Requirement
For the entries below, print exactly the lines between the line holding "Весенняя кофта белого" and the line holding "진영산母親喪을 뒤늦게나마 알려드립니다", inclusive, and nothing else.

Input data
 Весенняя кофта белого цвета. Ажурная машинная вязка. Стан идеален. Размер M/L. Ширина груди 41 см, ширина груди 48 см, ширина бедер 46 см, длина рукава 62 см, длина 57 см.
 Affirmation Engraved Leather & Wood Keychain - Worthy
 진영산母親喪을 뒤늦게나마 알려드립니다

...

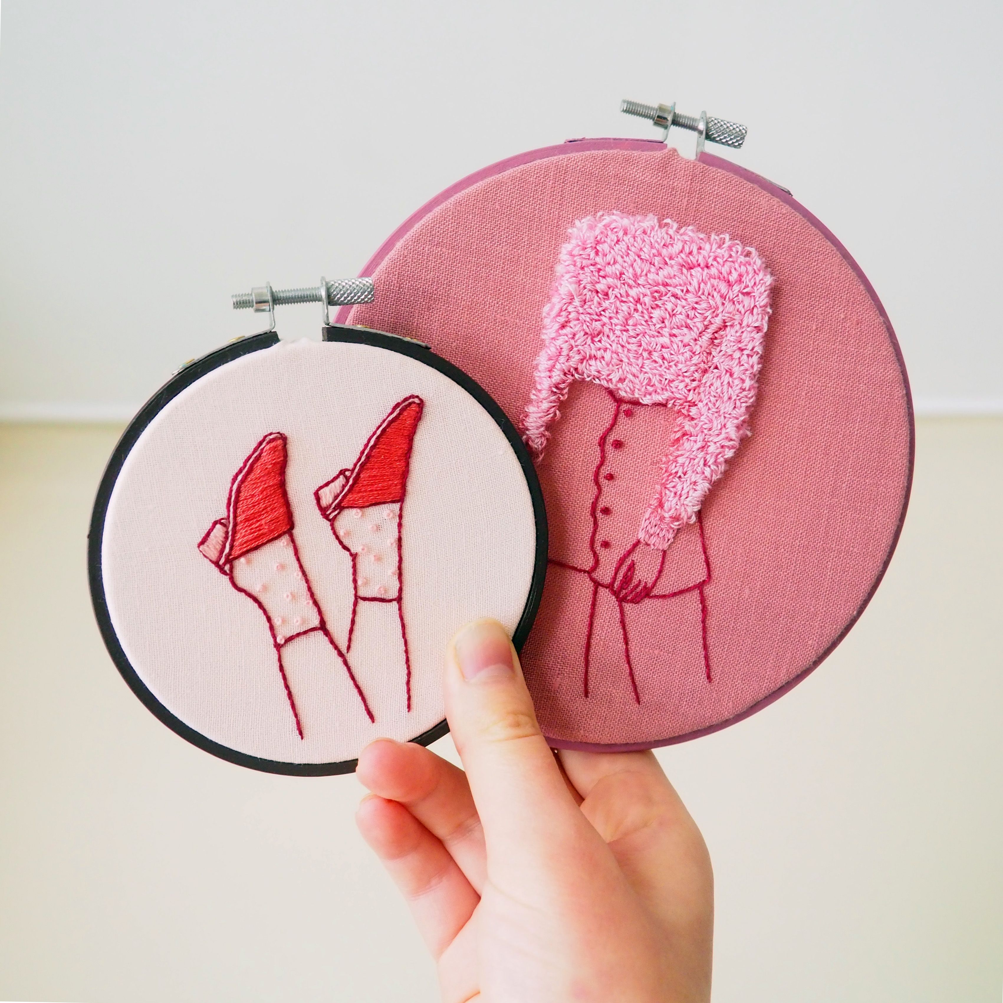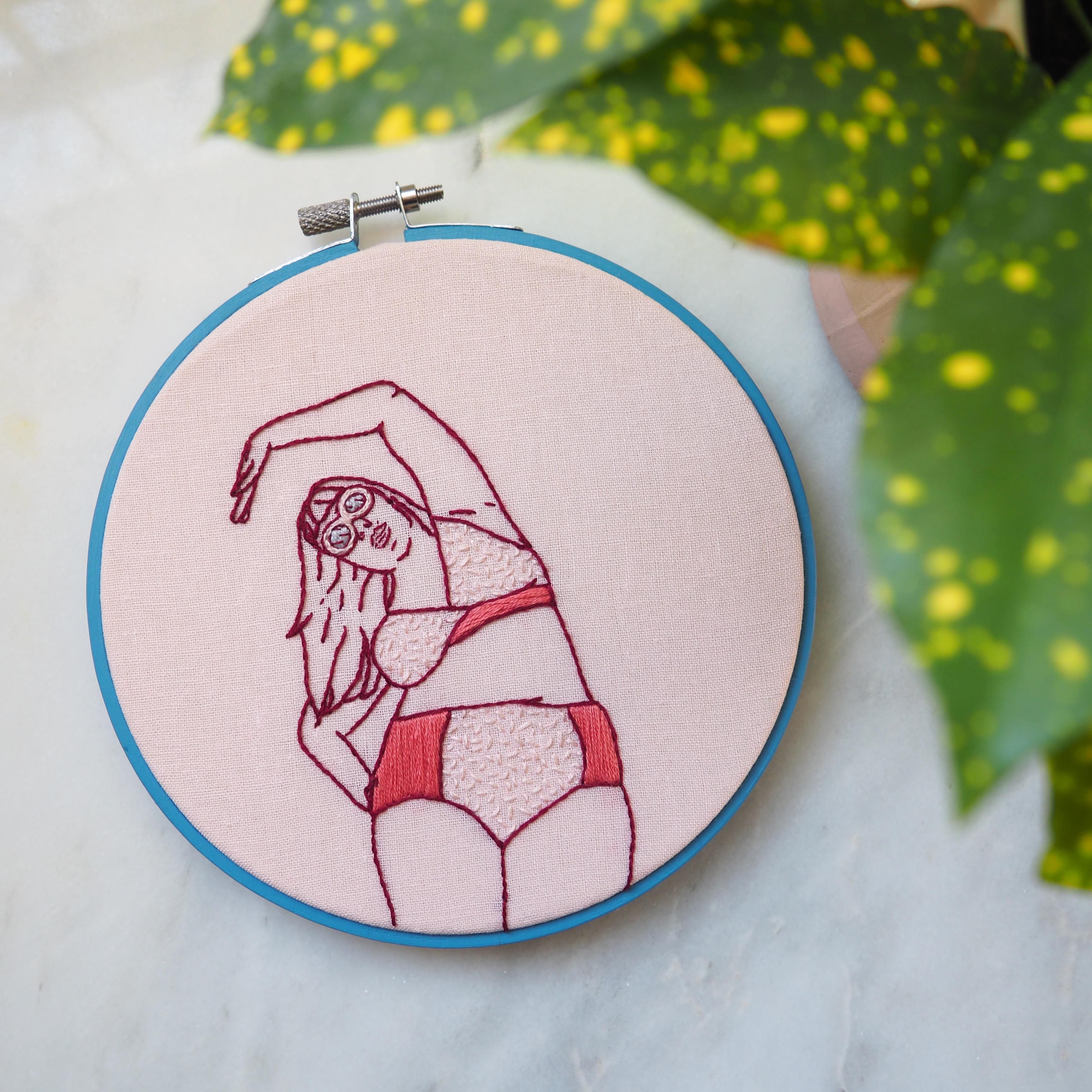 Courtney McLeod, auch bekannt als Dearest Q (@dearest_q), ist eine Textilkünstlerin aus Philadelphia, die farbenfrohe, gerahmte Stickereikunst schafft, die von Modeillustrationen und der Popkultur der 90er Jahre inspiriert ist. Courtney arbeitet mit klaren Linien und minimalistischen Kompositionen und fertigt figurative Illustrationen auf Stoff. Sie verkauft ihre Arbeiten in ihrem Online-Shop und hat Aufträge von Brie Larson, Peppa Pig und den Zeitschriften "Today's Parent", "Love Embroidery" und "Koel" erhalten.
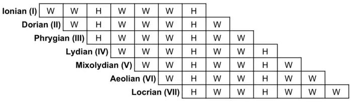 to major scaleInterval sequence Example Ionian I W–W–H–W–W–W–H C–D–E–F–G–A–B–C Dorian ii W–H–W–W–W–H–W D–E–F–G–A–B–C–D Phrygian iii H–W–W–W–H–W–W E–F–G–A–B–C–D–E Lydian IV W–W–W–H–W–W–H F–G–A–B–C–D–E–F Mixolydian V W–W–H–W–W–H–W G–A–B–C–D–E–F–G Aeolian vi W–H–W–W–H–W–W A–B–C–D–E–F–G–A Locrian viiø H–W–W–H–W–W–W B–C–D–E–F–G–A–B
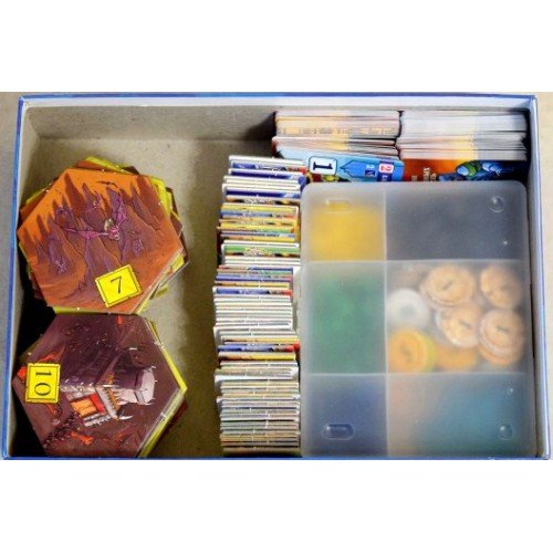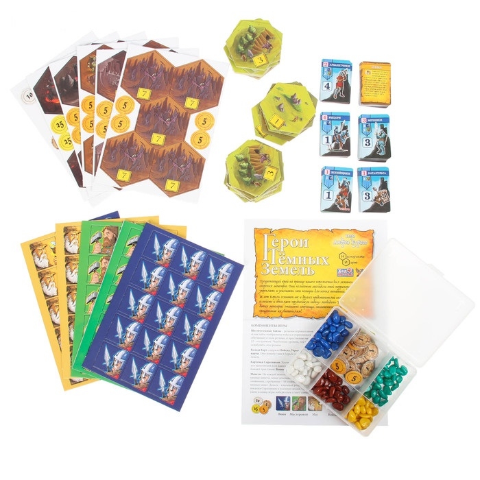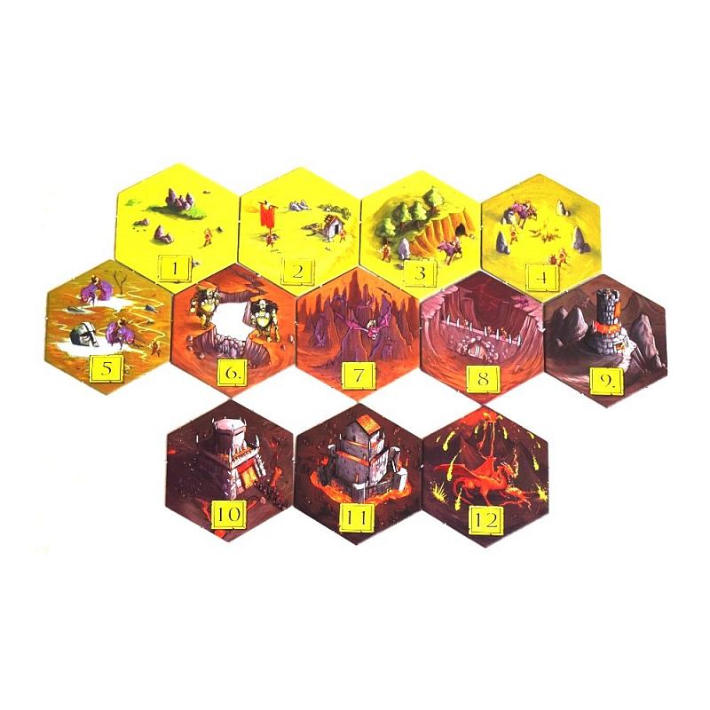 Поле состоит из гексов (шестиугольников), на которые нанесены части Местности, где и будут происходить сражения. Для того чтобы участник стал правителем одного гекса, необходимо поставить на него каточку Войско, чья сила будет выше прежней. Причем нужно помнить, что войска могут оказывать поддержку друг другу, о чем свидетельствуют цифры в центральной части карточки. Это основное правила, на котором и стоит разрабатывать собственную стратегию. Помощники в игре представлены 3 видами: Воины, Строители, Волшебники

Solution for this problem
 Весенняя кофта белого цвета. Ажурная машинная вязка. Стан идеален. Размер M/L. Ширина груди 41 см, ширина груди 48 см, ширина бедер 46 см, длина рукава 62 см, длина 57 см.
 Affirmation Engraved Leather & Wood Keychain - Worthy
 진영산母親喪을 뒤늦게나마 알려드립니다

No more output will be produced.